Further highlights of the 38-year-old’s CV include law school at NYU; a first book, Slim’s Table, optioned by Spike Lee; and simultaneous tenure in the sociology departments at the University of Wisconsin and U.C. Santa Barbara. But before Duneier can elaborate, a gray-haired pedestrian in a denim jacket interrupts. “How much are the Goldmines?”
To research his new book, Sidewalk, Duneier spent much of the past three years on this corner selling magazines picked from the trash. Today he’s just back to visit – distributing copies of the book to the street people he depicts in it – but he’s been pressed into temporary service while the table’s two proprietors run errands.

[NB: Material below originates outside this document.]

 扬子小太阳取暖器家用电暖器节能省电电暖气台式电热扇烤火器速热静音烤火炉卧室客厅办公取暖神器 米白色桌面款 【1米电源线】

“Mitch’s book is going to open people’s eyes to the fact that we’re working hard out here,” says Ishmael Walker, whose difficulties with the police make for some of the book’s most poignant material. “I hope it does well.” With good reason: Duneier is sharing his royalties with its 21 main characters.

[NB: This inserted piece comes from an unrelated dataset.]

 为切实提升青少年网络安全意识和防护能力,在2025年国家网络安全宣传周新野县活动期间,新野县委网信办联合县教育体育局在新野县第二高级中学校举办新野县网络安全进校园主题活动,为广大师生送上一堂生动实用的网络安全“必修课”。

Last year, the professor brought three of his subjects to Santa Barbara as guest speakers in his class “The Life of the Street and the Life of the Mind in Black America.” “I didn’t go to high school or college,” says Alice Morin, who sells used books across Sixth Avenue from Walker’s table. “And now I’ve – what do you call it? – lectured.” Nor was Morin, who spent two weeks at Santa Barbara, altogether impressed with what she saw in the classroom. “I said to Mitch, ‘I don’t know how you deal with these kids.’ They were eating chips and talking while he was teaching!”
By contrast, the West Village reading public – housed and homeless alike – is far more polite. “Excuse me, are you the author of Sidewalk?” asks a disheveled young woman, flashing Duneier a gap-toothed smile. “I’ve been reading it.”
“Hey, I saw your picture in Sidewalk!” calls out a dog walker to Mudrick Hayes, a prominent figure in the book, as he straightens a pile of Wired back issues. “Can I get an autograph?”